[DATA PROVIDED]
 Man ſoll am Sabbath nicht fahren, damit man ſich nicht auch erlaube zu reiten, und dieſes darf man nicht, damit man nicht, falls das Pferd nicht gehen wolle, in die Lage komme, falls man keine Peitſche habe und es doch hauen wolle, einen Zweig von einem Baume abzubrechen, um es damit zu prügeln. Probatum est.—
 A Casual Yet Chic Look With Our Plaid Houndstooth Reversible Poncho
[/DATA PROVIDED]
[DATA PROVIDED]
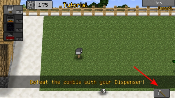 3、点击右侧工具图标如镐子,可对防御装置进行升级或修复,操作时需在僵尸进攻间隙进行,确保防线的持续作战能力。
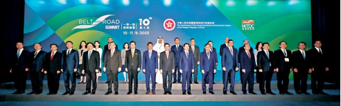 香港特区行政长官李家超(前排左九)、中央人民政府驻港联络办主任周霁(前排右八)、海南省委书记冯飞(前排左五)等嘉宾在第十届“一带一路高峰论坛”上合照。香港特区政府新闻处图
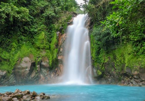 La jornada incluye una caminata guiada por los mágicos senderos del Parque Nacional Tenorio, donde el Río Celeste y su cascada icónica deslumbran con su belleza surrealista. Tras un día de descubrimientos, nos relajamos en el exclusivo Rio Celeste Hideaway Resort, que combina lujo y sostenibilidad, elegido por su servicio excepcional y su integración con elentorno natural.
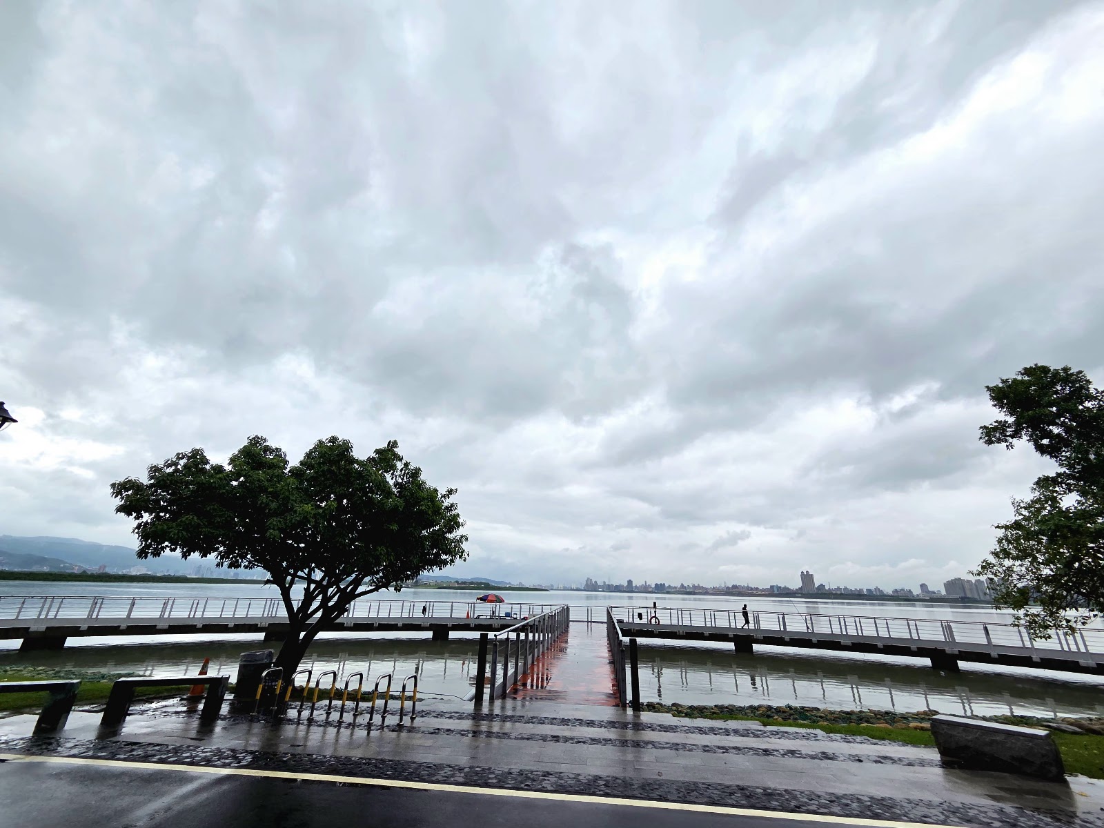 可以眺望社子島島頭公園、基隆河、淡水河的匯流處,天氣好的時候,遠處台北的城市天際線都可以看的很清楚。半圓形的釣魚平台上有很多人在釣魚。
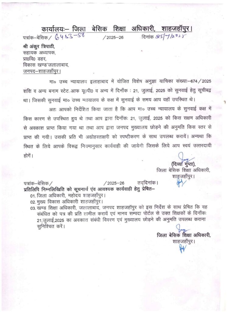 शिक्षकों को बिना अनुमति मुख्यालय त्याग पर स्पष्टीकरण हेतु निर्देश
[/DATA PROVIDED]
[DATA PROVIDED]
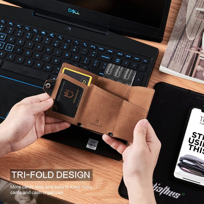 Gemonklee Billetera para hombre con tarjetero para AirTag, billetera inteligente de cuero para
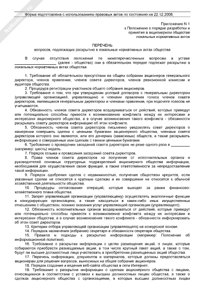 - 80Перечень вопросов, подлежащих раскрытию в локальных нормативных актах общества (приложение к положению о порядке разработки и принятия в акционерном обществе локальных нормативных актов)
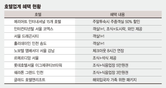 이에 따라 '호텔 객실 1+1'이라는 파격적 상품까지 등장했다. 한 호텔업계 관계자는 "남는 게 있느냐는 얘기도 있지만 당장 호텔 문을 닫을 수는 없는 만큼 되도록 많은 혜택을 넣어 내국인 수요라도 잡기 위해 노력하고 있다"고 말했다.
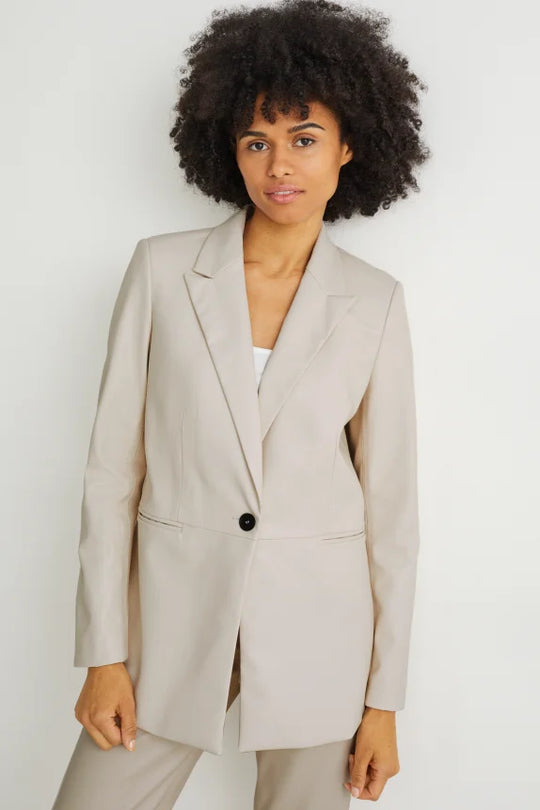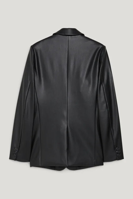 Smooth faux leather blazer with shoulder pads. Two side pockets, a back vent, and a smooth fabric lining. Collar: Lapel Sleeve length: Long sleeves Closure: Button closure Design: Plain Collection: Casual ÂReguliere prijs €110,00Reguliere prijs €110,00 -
[/DATA PROVIDED]
WHAT YOU SHOULD DO:
From the records above, repeat exactly the lines from the one with "Man ſoll am" through the one with "A Casual Yet", both included.

REPLY:
 Man ſoll am Sabbath nicht fahren, damit man ſich nicht auch erlaube zu reiten, und dieſes darf man nicht, damit man nicht, falls das Pferd nicht gehen wolle, in die Lage komme, falls man keine Peitſche habe und es doch hauen wolle, einen Zweig von einem Baume abzubrechen, um es damit zu prügeln. Probatum est.—
 A Casual Yet Chic Look With Our Plaid Houndstooth Reversible Poncho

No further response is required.